WE LEARN MORE AND MORE about the SI and what it did during its 14 years as time goes by. Inevitably, changes to or revisions of our most basic conceptions about the situationists have been and will no doubt continue to be necessary. There are several more important situationist books written in French that need to be translated. There are also quite a few very interesting and still untranslated situationist texts in Danish, Dutch, German, Italian and Spanish. And so there will be at least several more waves of English translations to hit these shores over the course of the next decade or so.

ANOTHER REASON FOR WRITING a new introduction to the SI every few years is the fact that situationist literature, like all great art, is far too experimental, unstable and internally inconsistent to be definitely summarized by anyone, no matter the familiarity with French or with the texts themselves, at any time. Something important always manages to escape; all guides to or summarizers of the SI seem doomed to make crucial mistakes, incredible omissions, unfortunate misinterpretations, and poor or hasty judgments. As a writer of two and now three introductions to the SI, I unfortunately speak from experience. (In case you're wondering, I didn't list my 1991 performance-piece "The Situationist Concept of Spectacle, Then & Now" among the existing introductions to the SI because the text of it has not yet been uploaded to the Internet.)

BUT IT IS ALSO A DISTINCT POSSIBILITY that the "problem" of having to write new introductions does not lie with the SI or the nature of its texts. Instead, the "problem" might lie with the changing nature of the society in which we find ourselves, and our relationship to it. As we will see, the situationist project was the beginnings of an attempt to completely abolish both Western capitalism and Eastern bureaucratic communism, and institute true ("anarchist") social democracy for the first time in history. Since the dissolution of the SI, a number of unprecedented events have taken place; the world scene is quite simply no longer what it was over the course of the 1950s, '60s and '70s. In particular, the Soviet Socialist Republics (as well as all of its European satellites) have collapsed and disappeared.
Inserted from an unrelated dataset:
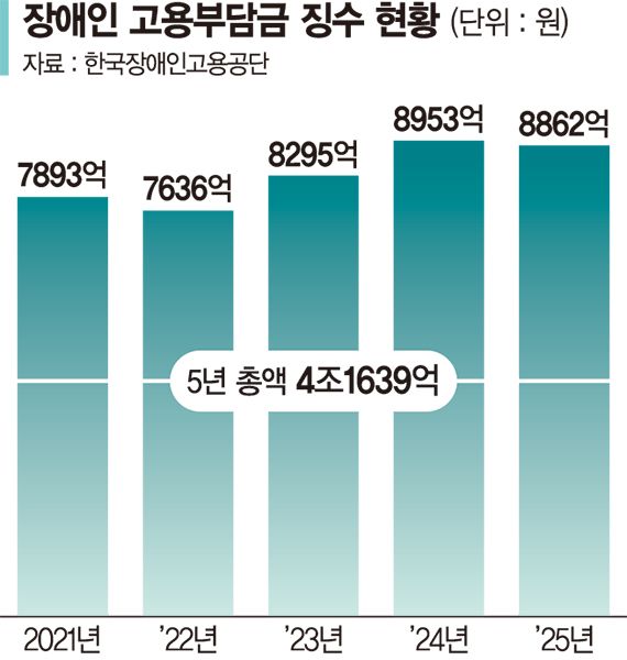 실제로 기업들이 납부해 온 장애인 고용부담금 액수는 수조원 단위다. 한국장애인고용공단에 따르면 지난 2021년부터 5년간 정부가 징수한 장애인 고용부담금은 4조1639억원에 달한다.

CONSEQUENTLY, THE GLOBAL CONTRAST between capitalism and bureaucratic communism -- sharp during the 1957 to 1971 period -- has become dull. But it has not disappeared: the most populous nation on Earth, and thus one in four people, is still governed by a totalitarian "socialist" bureaucracy. Armed conflicts seem to take place less and less in the geo-political realm and more and more in the socio-economic realm; racial and ethnic hatreds seem to be replacing ideological hatreds. But international class struggle has not disappeared: in Nigeria, in Albania, in Chiapas, in Seoul, and in Rangoon, the laboring classes are now fighting intense, all-out battles against both the military juntas that rule them and the multinational corporations that ruthlessly exploit them. In the midst of (the organized confusion that is) the "post-Cold War period," it seems increasingly difficult to imagine that something other than capitalism has been or will ever be possible. And yet the material preconditions for the emergence of anarchist social democracy grow more ripe every day.

CONSEQUENTLY, WE FEEL THE NEED to tell (again) the story of the Situationist International, a group of anarchists and artists who wished more than anything else to have a clear and accurate description of what capitalism really is and how it functions, and to have a concrete and effective programme by and through which capitalism could be completely abolished, bureaucratic communism could be avoided, and anarchist social democracy could begin.